• PROBLEM REQUIREMENTS
Every line of the records that contains the string "Figura" counts once; give the total and nothing else.

========

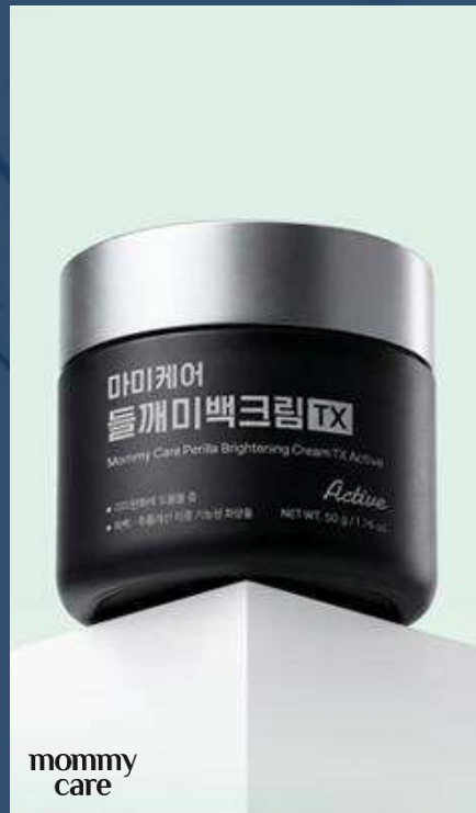
마미케어 들깨미백크림 TX 플러스 크림
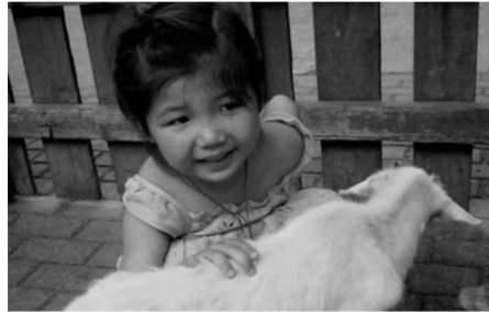
Cô cháu gái ngây thơ trong sáng.

Tôi rất biết ơn cuộc sống, biết ơn sự giao thoa giáo dục giữa người Do Thái và người Trung Quốc, khiến cho các con tôi có những cuộc lột xác kỳ diệu, nó lên men trong tính cách của chúng, giúp chúng đạt được thành tựu trong sự nghiệp từ khi còn trẻ. Đồng thời, điều đó cũng minh chứng cho những giá trị to lớn trong phương pháp giáo dục gia đình của tầng lớp Do Thái trung lưu, mặc dù nó đã bị một bà mẹ Do Thái sinh ra và lớn lên ở Thượng Hải như tôi “Trung Quốc hóa”, nhưng vẫn phát huy hiệu quả.
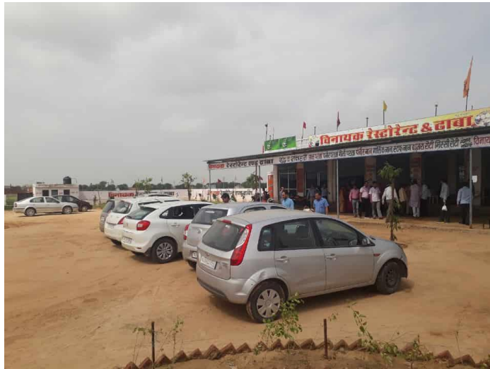
चित्र 27: राजमार्ग के चित्रात्मक चित्र
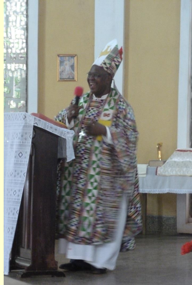
Die Einführung in die jeweiligen Ämter durch den Bischof – Predigt des Bischofs
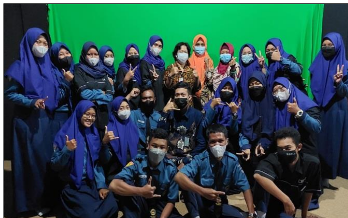
Gambar 4. Foto bersama dengan mitra pelatihan

Berdasarkan hasil pengamatan yang dilakukan oleh tim pengabdian selama melaksanakan kegiatan pelatihan dengan menggunakan lembar observasi, yaitu pada kegiatan penyuluhan dan demonstrasi, dapat diketahui bahwa terjadi peningkatan aktivitas yang dilakukan oleh guru dan siswa SMK Veteran. Keaktifan dan antusias para guru dalam mengikuti kegiatan pelatihan ini terlihat dari semakin meningkatnya peserta pelatihan yang mengajukan pertanyaan kepada tim pengabdian pada saat sesi diskusi. Peserta pelatihan yang bertanya pada sesi demonstrasi terlihat lebih banyak dibandingkan sesi penyuluhan. Hal ini menandakan bahwa peserta pelatihan semakin aktif dan semakin tinggi rasa ingin tahunya. Selama masa pendampingan, peserta pelatihan juga menunjukkan semangat untuk dapat menulis rilis berita online dengan menggunakan Bahasa Indonesia yang baik, benar, dan menarik. Hal tersebut tentu tidak terlepas dari semangat dari para guru dan siswa untuk mengenalkan berbagai keunggulan SMK Veteran Sukoharjo kepada masyarakat publik. Dokumentasi bersama mitra pelatihan dapat dilihat pada Gambar 4.
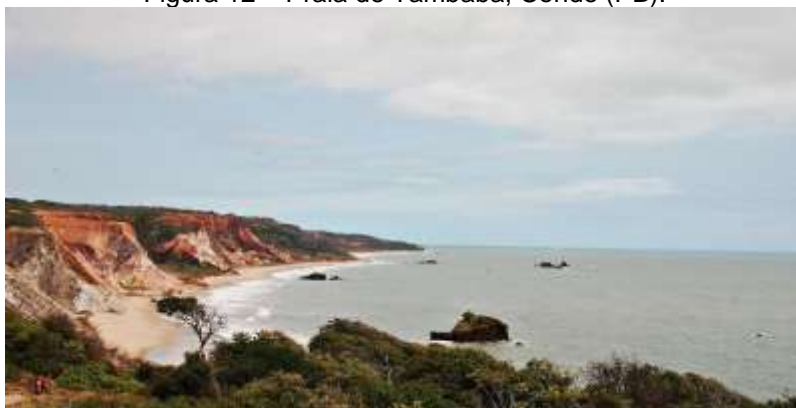
Figura 12 – Praia de Tambaba, Conde (PB).

A praia de Tambaba carrega a distinção de ser uma praia naturista, sendo a única desse tipo no litoral da Paraíba. A área dedicada à prática exclusiva do naturismo é limitada a um trecho da praia, sendo sinalizada com placa. No trecho restante, a prática do naturismo é opcional, mas notamos que a maioria das pessoas que frequentam esse trecho no qual é opcional a prática do naturismo, optam por não o fazer (Figura 12).
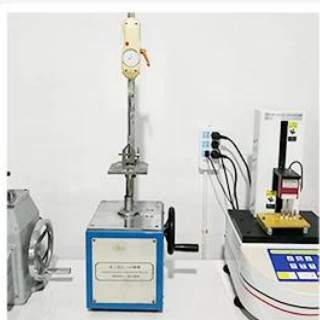
4. Bond Test
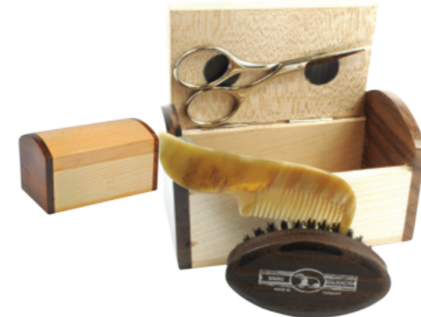
Bart-Box massives Holz 3tlg. beard set massive wood 3 pcs natur - braun | nature - brown

========

• RESULT OF THE TASK
2